Still, the downtown had slowed considerably the past few years and developers are particularly careful about launching projects in an uncertain market. There are many high-end residential towers underway in the downtown core.

That $2,000 per-square-foot price, said Ward, “is the bare minimum” going forward, considering construction costs and high city development fees.

“Like any time, we are certainly careful to watch absorption levels and price points,” Ward said. “With a measured approach to buildings being brought out, there is probably enough demand to take up the units. But you certainly wouldn’t want to see them all come out at the same time.”

Prices at the Pacific, he said, have held steady, “within about five per cent, sometimes up, sometimes down,” on standing inventory.

“But that’s the only inventory that we have of the last four or five projects that we’ve built in the last couple of years here.”

Grosvenor’s Brentwood master-planned development

The Brentwood master-planned community is another major undertaking, about a year away from construction.

That project will include about 1,000 condo units and 2,500 rental units. Of the rental portion, about 500 will be non-market.

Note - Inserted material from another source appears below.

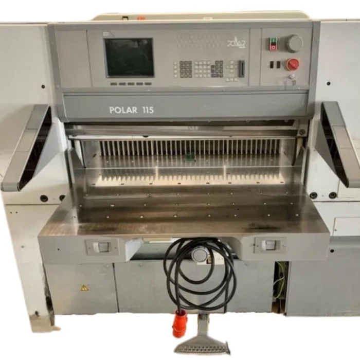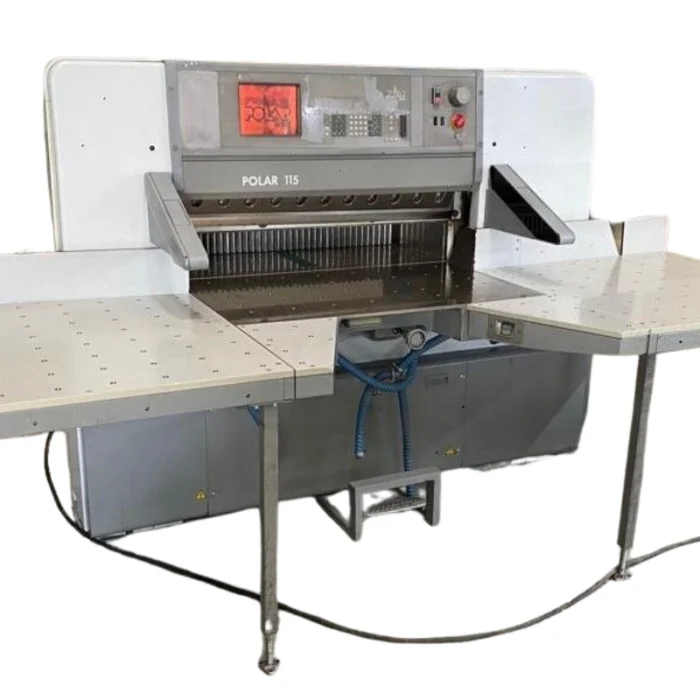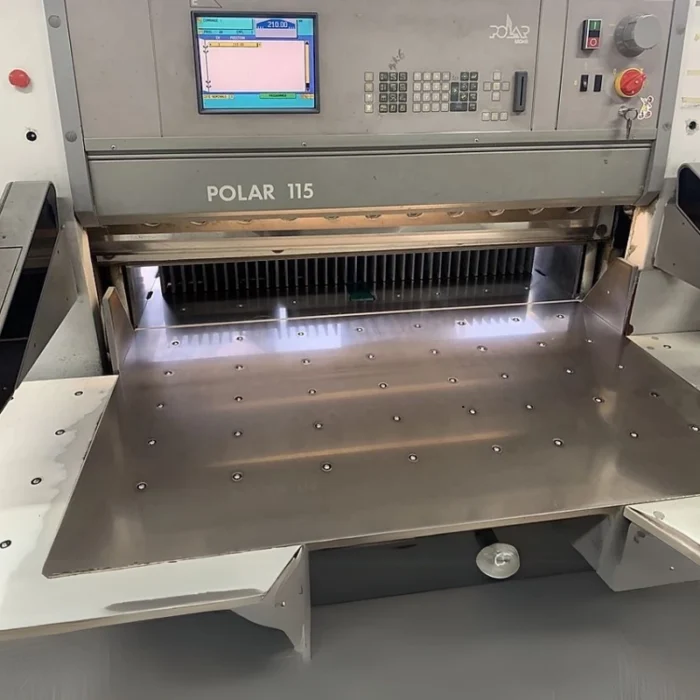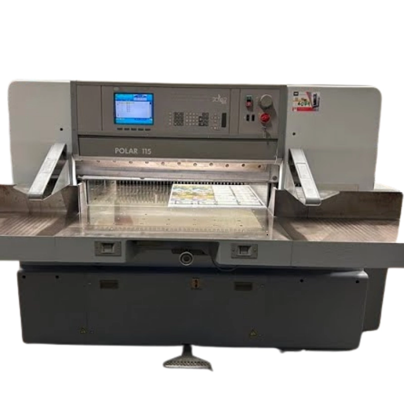 ارتقِ بعملية القطع الورقي مع قطاعة Polar 115 E — ماكينة قوية وموثوقة بمساحة قطع 115 سم، ومزودة بطاولات هوائية وحساسات أمان، صممت للمطابع اللي تطلب الدقة والسرعة والمتانة.

It is the most non-market rental Grosvenor has delivered in one location, said Ward.

“We have gone far above and beyond what the base requirement for rental was,” Ward said. “Roughly 20 per cent of the site for these types of projects in Burnaby needs to be rental and we are up around 60 or 65 per cent, because Grosvenor has a different approach to building and owning property.

“We have a long-term view, a long-term vision and long-term commitment to this market and we would hope to own those buildings beyond the construction period, not just looking to get in and build condos and move onto the next one. We are planning our ownership in that neighbourhood for decades to come.”

Grosvenor also has its own climate leadership mandate, including a net-zero operational carbon goal for all of its buildings. Buildings will also be designed to last 100 years and zero-emission vehicle parking and charging will be part of the master plan.

The Oakridge Transit Centre acquisition

Grosvenor will also deliver about 300 to 400 non-market units at the 14-acre Oakridge Transit Centre site on West 41st Avenue, which will have about 1,630 units in total.

In 2016, Intergulf Development Group and Modern Green Canada originally purchased the site. Modern Green, now named MOMC, purchased Intergulf’s share and then officially partnered with Grosvenor in June, bringing Grosvenor on as sole developer and marketing manager. Grosvenor also brought in Transca.

“It’s interesting, because people don’t think Grosvenor ever has partners,” said Ward.

“But that couldn’t be further from the truth. If you look at the developments we have done here in Vancouver, they all have a partner, and that’s Grosvenor’s business model, is to work alongside our capital partners, with Grosvenor acting as development manager on the project.

“It’s part of our business so we can leverage the capital that we do have and do as much as we possibly can in the cities that we operate.”